The title may be a bit misleading so allow me to explain the setup:
We have a “configurable actor” system whereby a fairly barebones “container” actor is spawned, and then components and subobjects are added to that actor at runtime, based on a replicated ‘configuration’ set by the Server (which is just a replicated UPROPERTY on the actor itself). The system makes garauntees that all those subobjects are spawned on each connection with deterministic names, and are net-addressable/stable. For simplicities sake, the configuration can only be set once (at spawn time), and never changes thereafter (COND_InitialOnly). So far this all works just fine.
However, we now want one of those spawned components to be replicated, and have replicated properties. The issue we are running into is that when the client receives the actor, it first has to async-load the contents of the configuration data before it can apply it. There is a window where the actor has been received and is spawned, but hasn’t yet created those components. All the code surrounding these actors is sympathetic to this.
So far this hasn’t been a problem for things like replicated object references to those components etc. which seem to auto-resolve once we create the objects client-side. However, it is a problem for replicated properties of that object, which trigger errors such as “ReadContentBlockPayload() failing to find/create an object” or “Failed to map GUID” etc. (Iris & Legacy).
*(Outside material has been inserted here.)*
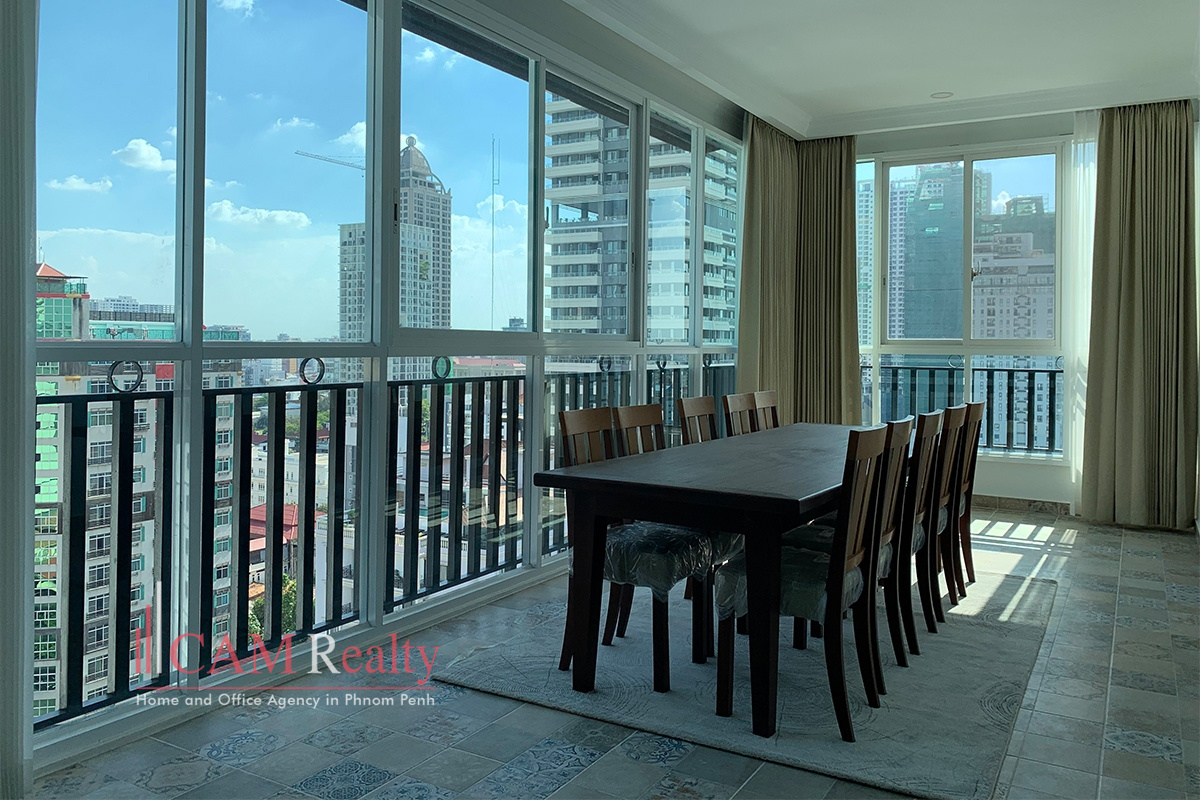 Spacious traditional style 4 bedrooms penthouse apartment for rent in BKK1 area. This penthouse sits on 14th floor of the building – measuring 325 sqm. It consists of 4 bedrooms and 5 bathroom – each comes with glass separating wet and dry area. The living halls comes with a complete lounge set next the kitchen. This penthouse for rent is located in Sangkat Boeng Keng Kang Ti Muoy (1), close to Independence Monument, which is known as the most lively commercial rea and very popular among expats as it is in lined with supermarkets, embassies, international schools, modern restaurants and coffee shops.

What I was hoping for, is a way to mark the object/bunch as if to say “if you can’t find this object right away, wait until the client creates it locally”, and store the received data in before applying it when the object is created client-side. Obviously this would be a special case but I assume there is already partial support for this when it comes to async-loading actors for instance, as the actor may not yet be spawned client-side.
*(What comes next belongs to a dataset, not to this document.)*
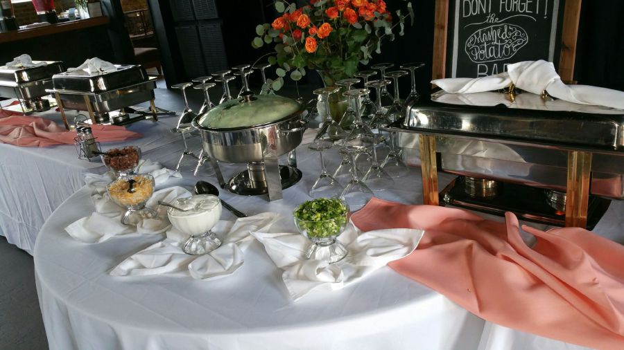 - Mashed Potato Martini bar with bacon, cheese, sour cream, green

My hope is that marking the objects as stably-named and net addressable would do this naturally. I’ve also tried using SetIsNetStartupComponent() for example, but it doesn’t appear to be referenced anywhere in the engine.
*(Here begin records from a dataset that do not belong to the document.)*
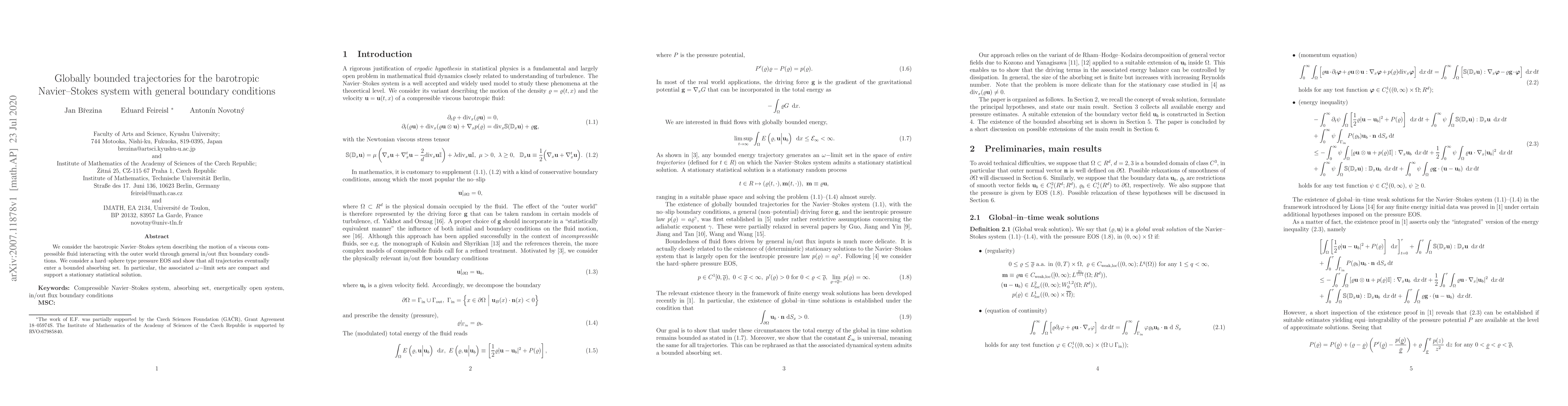 We consider the barotropic Navier--Stokes system describing the motion of a viscous compressible fluid interacting with the outer world through general in/out flux boundary conditions. We consider a hard--sphere type pressure EOS and show that all trajectories eventually enter a bounded absorbing set. In particular, the associated omega-limit sets are compact and support a stationary statistical solution.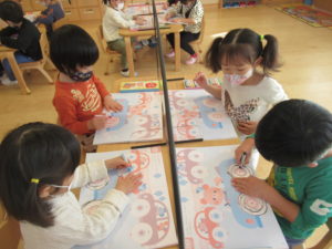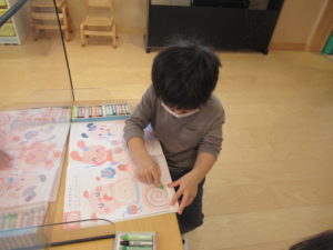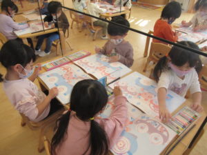 クレヨンの持ち方を覚えて、様々な線の練習をしたり、問題を理解してシール貼りや色塗りをしています。集中して取り組む時間も長くなり、最後までやり遂げることも増えてきて成長を感じられます。
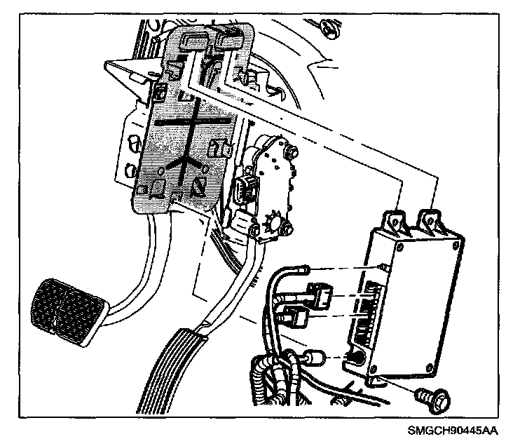 3. Tilt the module inboard to the center of the vehicle and pull down communication interface module (CIM).

It’s a similar problem I’ve seen before with procedural level generation, where clients generate the level deterministically, and actor references/replicated properties are applied to the deterministically-spawned actors. Is there any reason that same logic can’t be applied to subobjects?
Note that this is only an issue if the client doesn’t spawn the subobject on the same frame. If the configuration is loaded synchronously, all the objects are spawned before the actors’ bunches are read-in, and everything works/resolves just fine. It’s only a problem when there is latency between the replicated object data being received, and the client spawning it.